ご注文番号:22138(委託品)
刀:白鞘入り(特別重要刀剣)、拵え付き(保存刀装具)
銘:
延寿国時(朱銘)
本阿 花押(朱銘)
鞘書き:
延寿国時 但大擦上無銘也 阿州大守蜂須賀家伝来宝刀の一也 昭和三十二年夏 寒山誌
当社では刀工の出来によって最上作、上々作、上作、普通作を記載しております。
本作の出来は延寿国時としては最上作にランクされます。
研磨済み(最上研磨)
はばき:万字家紋を入れた二重鎺(金無垢)
刃長:2尺3寸9分(72.4 cm)
反り:6分2厘 (1.9 cm)
目釘穴:4個
元幅:3.3cm
先幅:2.6cm
重ね:0.7cm
刀剣重量:810グラム
時代:鎌倉末期〜南北朝
体配:大擦上無銘で身幅が広く重ね厚く反りが深くつき、鋒やや長くつく。表裏に棒樋を彫る。豪壮な作品。
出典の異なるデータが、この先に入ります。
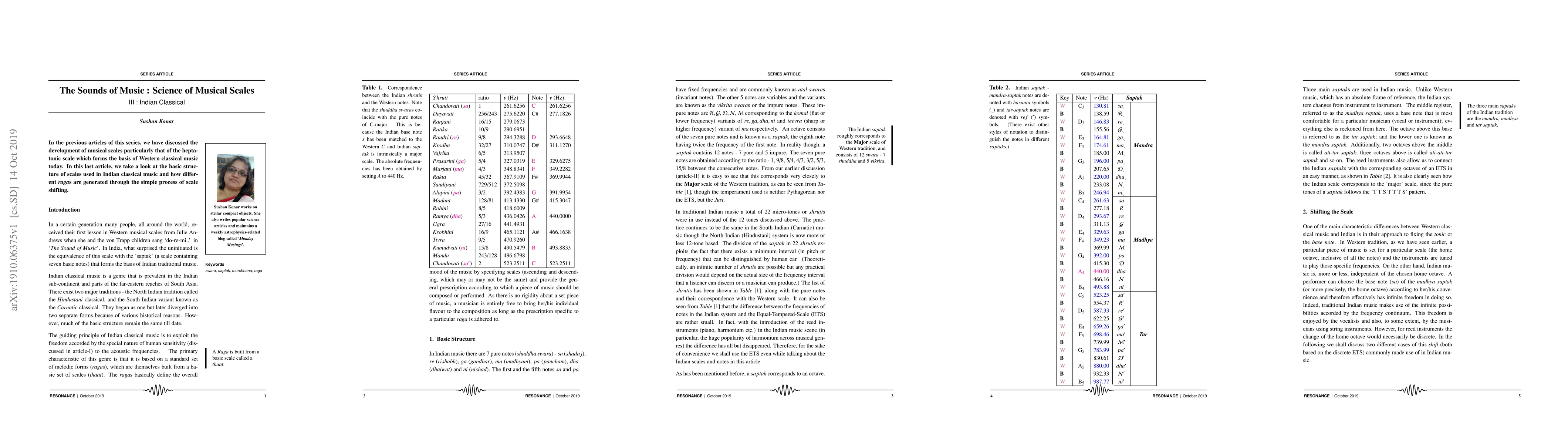 In the previous articles of this series, we have discussed the development of musical scales particularly that of the heptatonic scale which forms the basis of Western classical music today. In this last article, we take a look at the basic structure of scales used in Indian classical music and how different `raga's are generated through the simple process of scale shifting.

地鉄:小板目肌実に良く練れて地沸が付き綺麗な地肌となり淡い映りが現れる。
刃紋:沸出来、小足が盛んに働き帽子丸く返る。
特徴:中古刀:大業物:上作:肥後
肥後延寿派は来国行の外孫と伝えられる太郎国村を祖として鎌倉時代末期から南北朝期にかけて肥後国菊池村で繁栄した。
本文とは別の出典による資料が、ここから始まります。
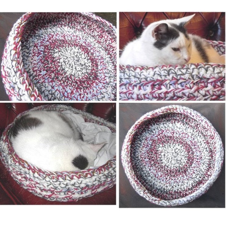 This pattern covers three sizes, so you can crochet the basket for a small or medium cat, large cat / tiny dog, or extra large cat / small dog.

一派の作風は来一派に類似するが、鍛に柾ごころが目立ち、白気映りが現れ、地刃の匂口がやや沈みこころとなる。延寿国時は同派を代表する刀工の一人で国村の子とも弟子とも伝えられれいる。この太刀は延寿の特色をよく表しており、特に地景が細かく精良で素晴らしい地鉄をしております。
拵:保存刀装具ー肥後打刀拵
鍔:鉄鍔に影蝶透図をいれた肥後鍔
縁:蟻腰形
頭:波文山道図を彫る
鞘: 黒塗研出鮫印籠刻鞘
目貫:鉈豆図を容彫る。金無垢
切羽:金着 上下が記載されている。
鐺(泥摺):鉄地に雨龍図を彫る
柄:皮
葵美術より一言:
まず驚かされるのがその幅広く、重ねの厚い健全な肉置きの刀身です。瑕や欠点のない素晴らしい作品で、延寿の特色をよく表しています。特に地景が細かく精良で、素晴らしい地鉄です。まず延寿国時としてはこれ以上の作品はないと思います。茎には朱銘があり、延寿国時と読むことができます。拵えも肥後拵えの素晴らしい作品です。 肥後拵えは、千利久の高弟として芸術に造詣が深かった肥後藩主細川三済忠興によって作られたとされ、華美を避けて地味な中にも垢抜けた雅味があり、茶道に通ずる美的感覚があらわれています。一見するとこの刀がこの拵えには入るとは思えないのですが、綺麗にすっぽりと収まり、職人の技術の高さが伺えます。この刀は蜂須賀家の家宝であったと伝えられ、現在に至るまで大切に保有されてきたことが伺えます。